The Martello Towers — that chain of 103 little fortresses built in the early 1800s along the south and east costs of England to repel a feared Napoleonic invasion — were condemned by William Cobbett at the time as a huge waste of public money; and so they turned out to be, for the British victories at Trafalgar and Waterloo ensured that Napoleon would never invade. And in fact, during the 200 years of their existence, no gun has ever been fired from any of them, with the one exception of the Martello Tower at Aldeburgh in Suffolk, the northernmost of them all, which was used by anti-aircraft gunners during the second world war.
Before that it had belonged to my wife’s aunt, the late Audrey Debenham, who bought it, derelict, in 1936 and painstakingly restored it, only to have it requisitioned by the army four years later.
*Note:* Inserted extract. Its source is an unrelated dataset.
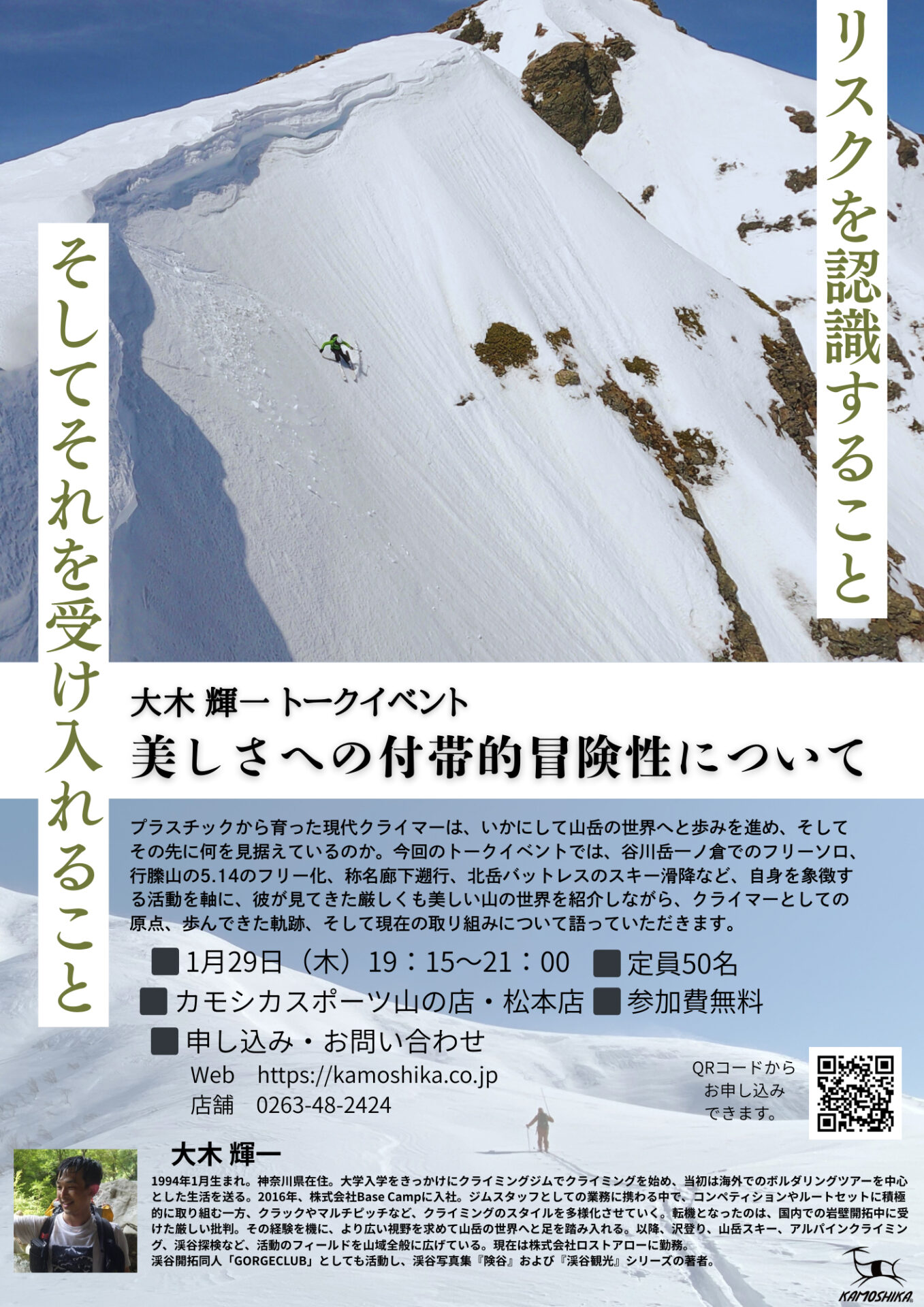 カモシカスポーツ山の店・松本店では、大木輝一氏によるトークイベント「美しさへの付帯的冒険性について」を開催します。

It had become derelict again by 1971 when it was acquired by the Landmark Trust, which restored it once more and adapted it for holiday lets. And that’s where I was staying last weekend, my wife having rented it for two purposes — first, as a way of seeing inside the building that her aunt used to own, and second to go to a performance of the opera Peter Grimes on the beach. This was the main event at the Aldeburgh music festival this year, the centenary of the birth of its composer, Benjamin Britten, the town’s most famous son and founder of its festival.
You don’t normally take a break in mid-June to experience the sea at its most wild and savage, but that was what we found ourselves doing. The Martello Tower, once part of a little village called Slaughden next to Aldeburgh, now stands alone, the rest of the village having vanished into the waves many years ago. The tower had already lost part of its moat to the sea’s erosion when Audrey Debenham bought it, and it might by now have disappeared altogether if it had not been protected by new coastal defences built in the 1950s. We arrived there in rain and strong winds and went to bed to the sound of crashing waves only a few yards away from its eight-foot-thick walls. But luckily it rained only a tiny bit as we sat on the shingle on Aldeburgh beach watching the huge cast of Peter Grimes heroically singing and rushing around in the wind on an enormous open-air set built of dilapidated fishing boats and rusting iron.
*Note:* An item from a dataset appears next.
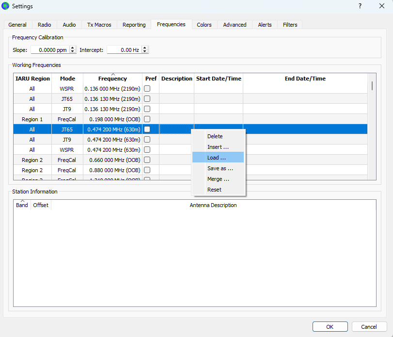 Un fois que le logiciel tourne, rendez vous dans File > Settings > Frequencies, clic droit dans la liste des fréquences et choisissez « Load ». Sélectionnez ensuite le fichier ft2-bands.qrg .

If we felt rather cold and uncomfortable, that was as it should have been, for the opera is all about the hardship of a North Sea fisherman’s life. It was brave of the festival to risk doing the opera in this way — with amplified voices singing live against a recorded orchestral background — but it succeeded triumphantly. And it might have succeeded much less well if it had been performed on a balmy summer’s evening instead of one that could have been in late November.
It was the second time this year I had seen Peter Grimes; the first time was in the opera house in Stockholm, where it was ecstatically received by a Swedish audience that doubtless warmed to a plot revolving around sea, fish and suicide. But the performance at Aldeburgh was more affecting than the one in Stockholm’s lavishly decorated royal theatre, which made one think of top hats and pince-nez. When in Aldeburgh Grimes, the brutal exploiter of boy apprentices, two of whom had died in his care, decided at the end to take his boat out to sea and go down with it rather than face the anger of the mob, you felt it could really have been happening as you watched the heaving sea stretch out in the gloaming before you.
Peter Grimes is a fine opera, but I find it very hard to sympathise with its hero. Britten recognised that Grimes was a brute, but held him only partially responsible for this. The subject of the opera, he wrote, was ‘the struggle of the individual against the masses: the more vicious the society, the more vicious the individual’. Some other writer even later described it as ‘a powerful allegory of homosexual oppression’. Yet George Crabbe, the author of the narrative poem, published in 1810, on which the opera was based, made no excuses. Grimes had a kind and loving father, yet he loathed him and beat him up. In Crabbe’s poem, thoughtfully provided by the Landmark Trust for its guests in the Martello Tower to read, nobody else was to blame for Grimes’s wickedness: he had achieved it all on his own and fully deserved the hatred he had aroused in the town. But, of course, we weren’t all victims in those days.